# The Unit & The Amazining Race 3/28



## GoAWest (Oct 28, 2003)

The Unit (CBS) is showing up on 3/28 at both 6PM & 9PM (normal time) for Comcast, Bay Area, CA. The Amazing Race is listed as 7PM & 10PM. By default, the later won't record due to the standard repeat rules. My local TV listing agrees with this, but all on-line listings I looked at don't, and the early times seem odd...


----------



## Morocco Mole (Jul 12, 2002)

Good catch! :up:

This is TV schedule from the KPIX website :

5:30 PM CBS Evening News ( [NR]) 
6:00 PM CBS 5 Eyewitness News ( [NR]) 
7:00 PM Eye On The Bay ( [TV G]) 
7:30 PM Geraldo At Large ( [TV PG]) 
8:00 PM NCIS ( [TV PG]) 
9:00 PM The Unit ( [TVPG-VD]) 
10:00 PM The Amazing Race 9 ( [TV PG-L])

Be sure to make sure to check your to do lists and set up recordings to get the 9 PM and 10 PM showings.

IF not your Tivo will (erroneously) record The Unit at 6PM and not pick up the 9 PM and will do the same with Amazing Race (pick up the 7PM and not the 10 PM)


----------



## jeff125va (Mar 15, 2001)

One option might be to set up another recording (just something you'll delete afterwards) so that the shows in question get bumped to the later (real) times. That way if you have Keep At Most settings or other priorities, it will treat the recordings as SP occurrences instead of "manual" recordings. I'm pretty sure that if you cancel the earlier ones, it will NOT automatically pick up the later ones, but if they get bumped because you set up another recording, it will, although I'd check your to do list a little while later just to be sure.


----------



## GoAWest (Oct 28, 2003)

I was able to beat the TiVo into submission -)) by just having it show me the upcoming shows (e.g. for "The Unit") and selecting the 9PM one. It then canceled the 6PM recording. Just for grins (to see what the TiVo would do and on the *off chance* that there really was a showing at 6PM) I then "also recorded" the 6PM show and the TiVo then kept *both* the 6PM and 9PM showings.


----------



## Idearat (Nov 26, 2000)

It wasn't just Comcast, the DirecTV listings were AFU'd as well. I looked around 8 and it showed both shows as being recorded already, but it was just local news.


----------



## MikeekiM (Jun 25, 2002)

Crap... Mine recorded the 7pm timeslot, which was all local KPIX shows... And I didn't realize this till today, so I missed this weeks TAR 

Anyone have a way for me to download this ep?


----------



## ralfwolf (May 14, 2004)

I didn't want to be the first to ask but now that we're on the subject, can I get a copy too?


----------



## Idearat (Nov 26, 2000)

ralfwolf said:


> I didn't want to be the first to ask but now that we're on the subject, can I get a copy too?

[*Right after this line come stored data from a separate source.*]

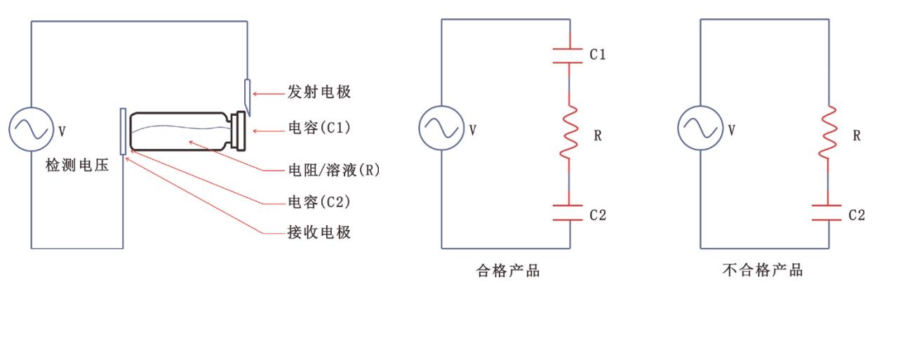下图中,包装容器的两端分别连接有发射极和接收极两个电极,C1和C2分别代表发射电极与容器溶液之间、接收电 极与容器溶液之间所形成的电容(由于容器外壁的绝缘的阻隔,电极无法与溶液接触,故形成电容),Z1和Z2分别代表 C1和C2所产生的容抗,R代表溶液本身的电阻值。 依据欧姆定律方程如下:I=V/(Z1+R+Z2) 当包装容器完好,没有泄漏时,检测回路如上图2产生感应微电流I1,即为I1=V/(Z1+R+Z2)。 当包装容器泄漏时,是容器外壁与电极之间形成的电容消失,即为击穿,使电容所产生的容抗为零,此时检测回路中 产生的感应微电流为I2,即为I2=V/(R+Z2)。 判断包装容器泄漏与否,取决于检测回路中所测得的电流,电流的差异△I,即:△I=I2-I1作为容器合格与否的判别标准。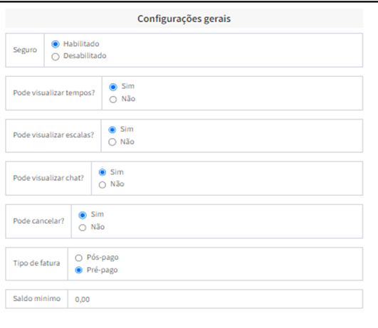 Na aba configurações vamos definir o que a empresa vai visualizar e que ações ela pode executar dentro do acesso! Vale ressaltar que o painel do lojista vem recheado de insights muito interessantes.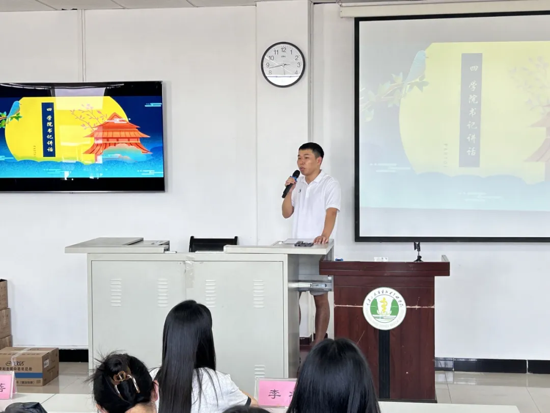 张宜蓓寄语同学们,一是要学会感恩;二是勉励同学们积极面对困难,自强不息;三是遇到困难积极寻求帮助,努力适应大学生活。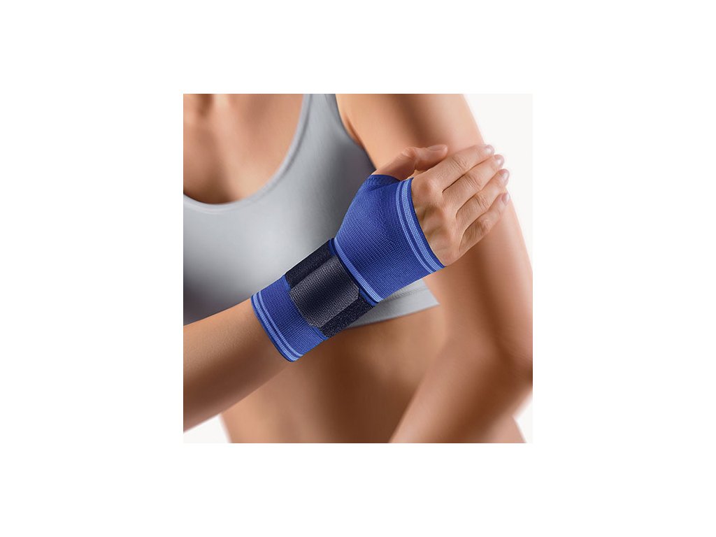 BORT Handgelenkstütze mit Daumenaussparung je kompresní ortéza určená k podpoře zápěstí a střední části ruky při lehčích poraněních, přetížení nebo při rekonvalescenci po sejmutí sádrové fixace.

Bittorrent. Gets to you faster than a DVD in the mail ever would.


----------



## ralfwolf (May 14, 2004)

actually, got it and burnt it to a svcd for nice viewing on my tv. Watched it last night.  I actually downloaded the wrong file at first because the episode numbering is not consistant. My wife was very pleased.


----------